##### Record set

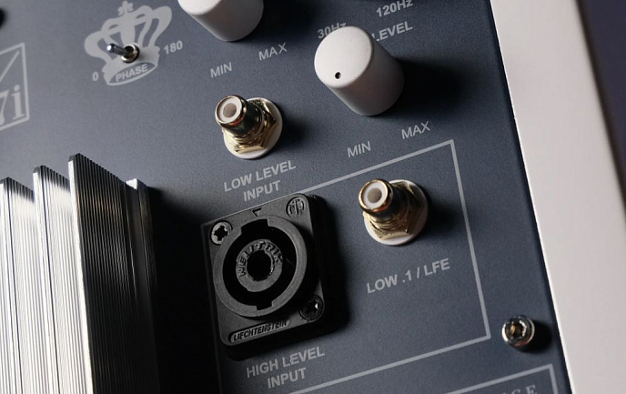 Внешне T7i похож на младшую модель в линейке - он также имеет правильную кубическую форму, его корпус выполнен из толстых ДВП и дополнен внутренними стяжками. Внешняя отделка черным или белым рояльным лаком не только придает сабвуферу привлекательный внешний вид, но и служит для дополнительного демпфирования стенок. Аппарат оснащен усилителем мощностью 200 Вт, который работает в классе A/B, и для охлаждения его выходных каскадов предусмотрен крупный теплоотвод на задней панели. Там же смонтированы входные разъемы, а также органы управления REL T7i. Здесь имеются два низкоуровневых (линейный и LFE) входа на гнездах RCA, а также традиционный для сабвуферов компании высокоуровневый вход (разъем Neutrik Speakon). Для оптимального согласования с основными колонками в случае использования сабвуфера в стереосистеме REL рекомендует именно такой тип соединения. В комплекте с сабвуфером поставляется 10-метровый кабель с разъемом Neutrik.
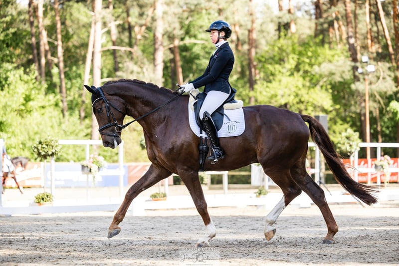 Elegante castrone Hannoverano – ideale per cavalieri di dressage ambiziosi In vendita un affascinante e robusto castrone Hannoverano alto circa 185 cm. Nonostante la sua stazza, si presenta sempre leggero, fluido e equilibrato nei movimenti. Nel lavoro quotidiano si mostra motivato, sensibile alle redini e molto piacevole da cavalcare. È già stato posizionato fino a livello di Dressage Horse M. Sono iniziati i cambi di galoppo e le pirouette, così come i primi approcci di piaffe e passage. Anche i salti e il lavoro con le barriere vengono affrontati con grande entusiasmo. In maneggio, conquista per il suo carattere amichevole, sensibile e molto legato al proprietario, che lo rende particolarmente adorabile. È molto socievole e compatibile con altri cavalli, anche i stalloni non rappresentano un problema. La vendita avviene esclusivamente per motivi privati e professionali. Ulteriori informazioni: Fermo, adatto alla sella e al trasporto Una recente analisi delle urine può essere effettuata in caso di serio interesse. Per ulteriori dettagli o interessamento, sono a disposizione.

##########
##### Record set

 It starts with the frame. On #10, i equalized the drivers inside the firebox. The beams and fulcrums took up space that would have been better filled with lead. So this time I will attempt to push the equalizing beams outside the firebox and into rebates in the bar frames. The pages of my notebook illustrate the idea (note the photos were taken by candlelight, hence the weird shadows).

##########
##### Record set

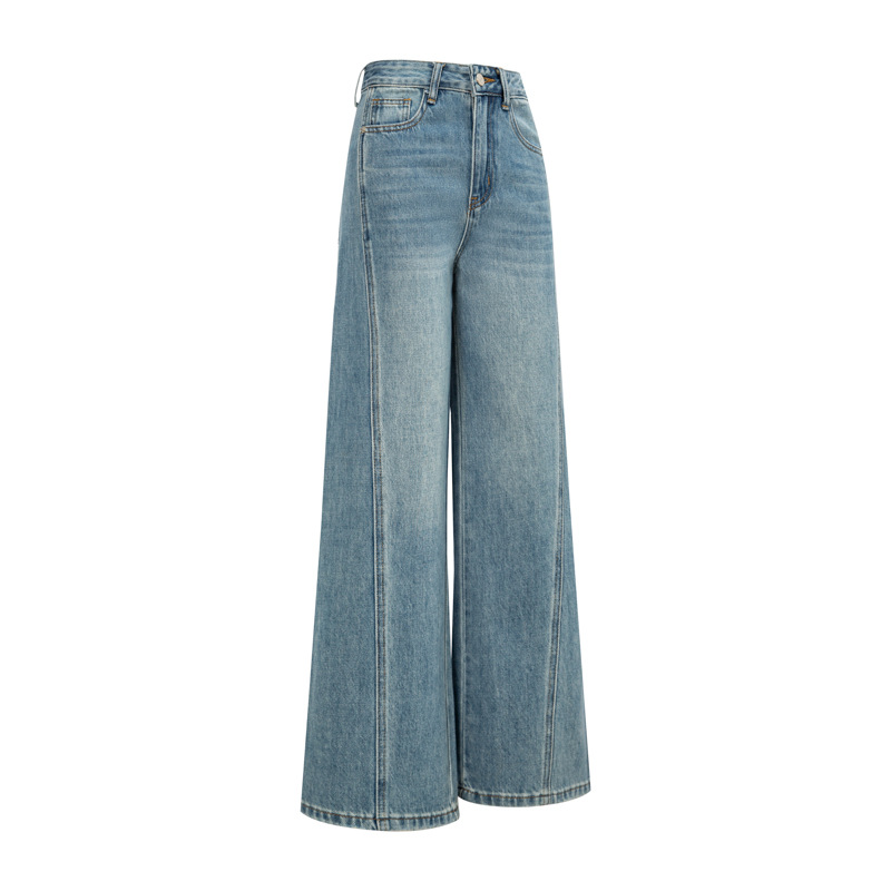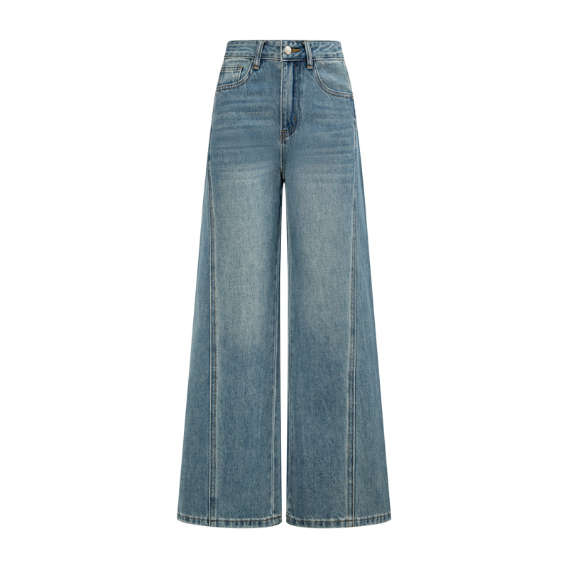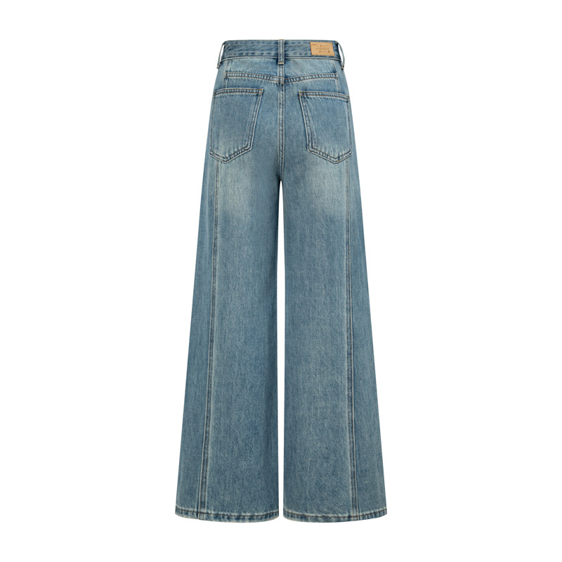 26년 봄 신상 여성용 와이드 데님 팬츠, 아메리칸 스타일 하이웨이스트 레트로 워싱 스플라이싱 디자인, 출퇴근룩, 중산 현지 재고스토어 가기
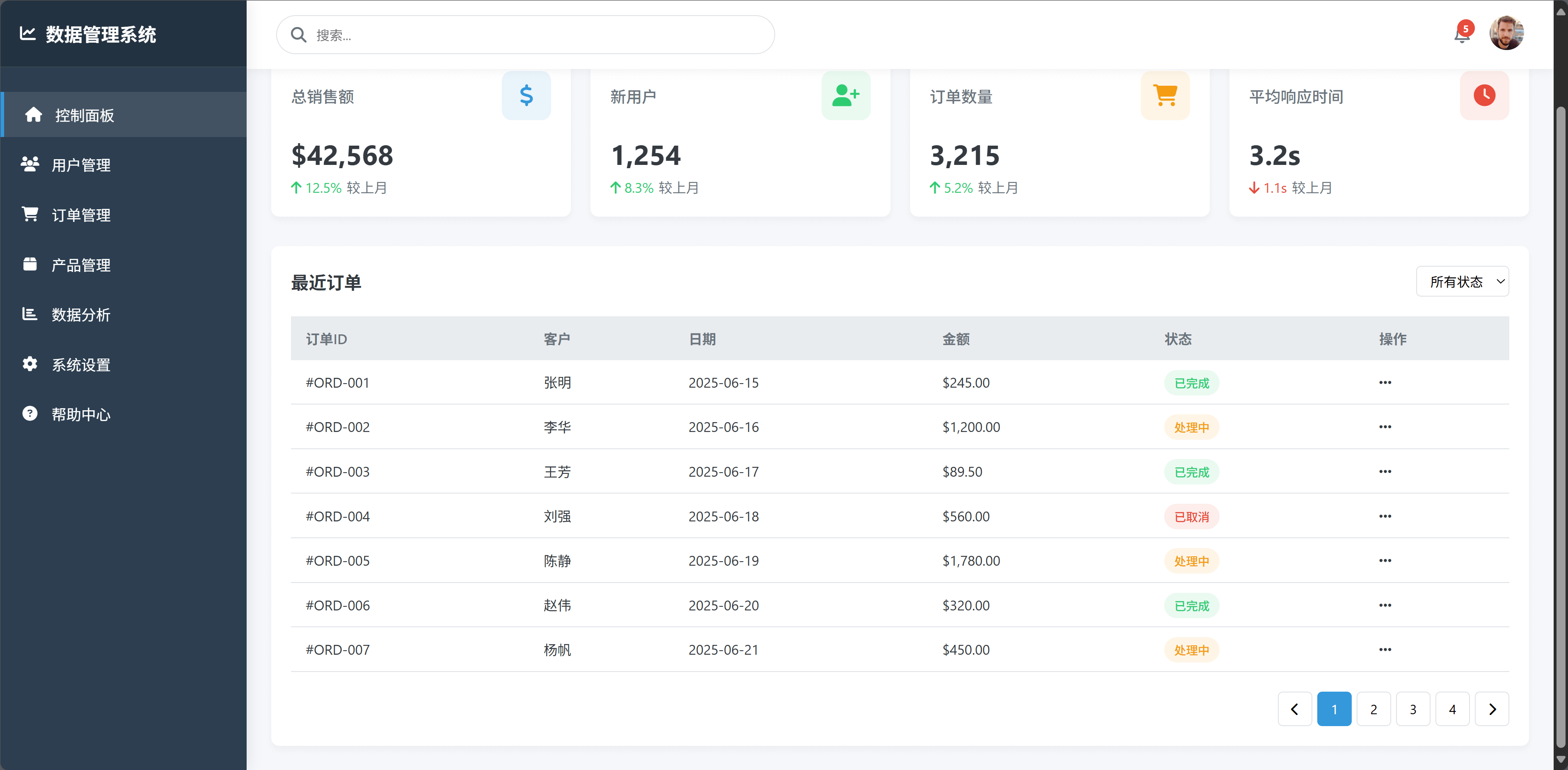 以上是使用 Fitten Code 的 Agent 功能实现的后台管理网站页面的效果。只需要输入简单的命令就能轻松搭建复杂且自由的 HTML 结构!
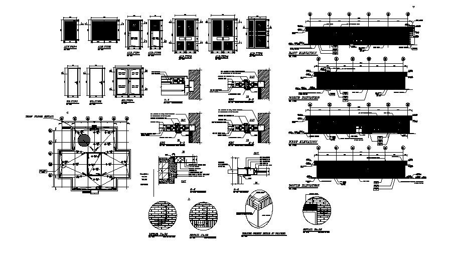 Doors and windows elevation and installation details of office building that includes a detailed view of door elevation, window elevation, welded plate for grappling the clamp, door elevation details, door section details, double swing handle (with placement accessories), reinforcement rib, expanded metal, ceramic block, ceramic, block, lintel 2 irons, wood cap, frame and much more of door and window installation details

##########

__Exercise objective__
Above are records; repeat only the lines from the line with "26년 봄 신상 여성용" through the line with "Doors and windows", and leave pictures out.

__Exercise result__
 26년 봄 신상 여성용 와이드 데님 팬츠, 아메리칸 스타일 하이웨이스트 레트로 워싱 스플라이싱 디자인, 출퇴근룩, 중산 현지 재고스토어 가기
 以上是使用 Fitten Code 的 Agent 功能实现的后台管理网站页面的效果。只需要输入简单的命令就能轻松搭建复杂且自由的 HTML 结构!
 Doors and windows elevation and installation details of office building that includes a detailed view of door elevation, window elevation, welded plate for grappling the clamp, door elevation details, door section details, double swing handle (with placement accessories), reinforcement rib, expanded metal, ceramic block, ceramic, block, lintel 2 irons, wood cap, frame and much more of door and window installation details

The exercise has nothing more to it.